**Exercise goal:** In the entries that follow, find the line containing "FM Radio Receiver"; from there, copy every line exactly through the line containing "Kit plastiche Racetech".

**Data extract:**
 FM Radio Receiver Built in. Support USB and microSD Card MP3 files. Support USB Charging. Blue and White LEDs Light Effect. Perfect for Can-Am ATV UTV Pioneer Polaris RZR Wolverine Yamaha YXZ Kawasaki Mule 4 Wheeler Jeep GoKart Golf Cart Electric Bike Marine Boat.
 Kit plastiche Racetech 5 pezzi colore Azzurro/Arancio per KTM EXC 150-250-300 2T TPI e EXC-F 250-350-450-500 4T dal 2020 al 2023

...

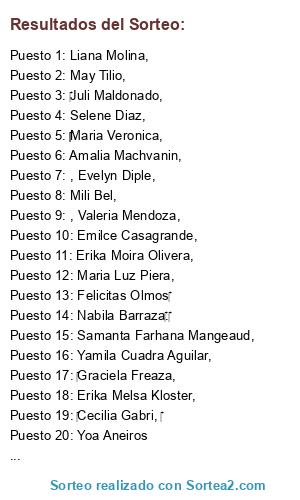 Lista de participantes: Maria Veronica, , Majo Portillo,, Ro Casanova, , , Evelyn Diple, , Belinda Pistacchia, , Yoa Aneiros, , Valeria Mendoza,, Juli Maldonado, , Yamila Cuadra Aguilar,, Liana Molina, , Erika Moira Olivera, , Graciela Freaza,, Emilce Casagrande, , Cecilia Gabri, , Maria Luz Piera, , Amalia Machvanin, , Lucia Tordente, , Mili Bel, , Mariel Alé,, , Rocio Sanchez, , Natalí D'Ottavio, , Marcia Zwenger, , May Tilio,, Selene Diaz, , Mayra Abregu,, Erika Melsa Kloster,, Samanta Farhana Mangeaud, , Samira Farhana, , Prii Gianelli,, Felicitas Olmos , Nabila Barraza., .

**Exercise response:**
 FM Radio Receiver Built in. Support USB and microSD Card MP3 files. Support USB Charging. Blue and White LEDs Light Effect. Perfect for Can-Am ATV UTV Pioneer Polaris RZR Wolverine Yamaha YXZ Kawasaki Mule 4 Wheeler Jeep GoKart Golf Cart Electric Bike Marine Boat.
 Kit plastiche Racetech 5 pezzi colore Azzurro/Arancio per KTM EXC 150-250-300 2T TPI e EXC-F 250-350-450-500 4T dal 2020 al 2023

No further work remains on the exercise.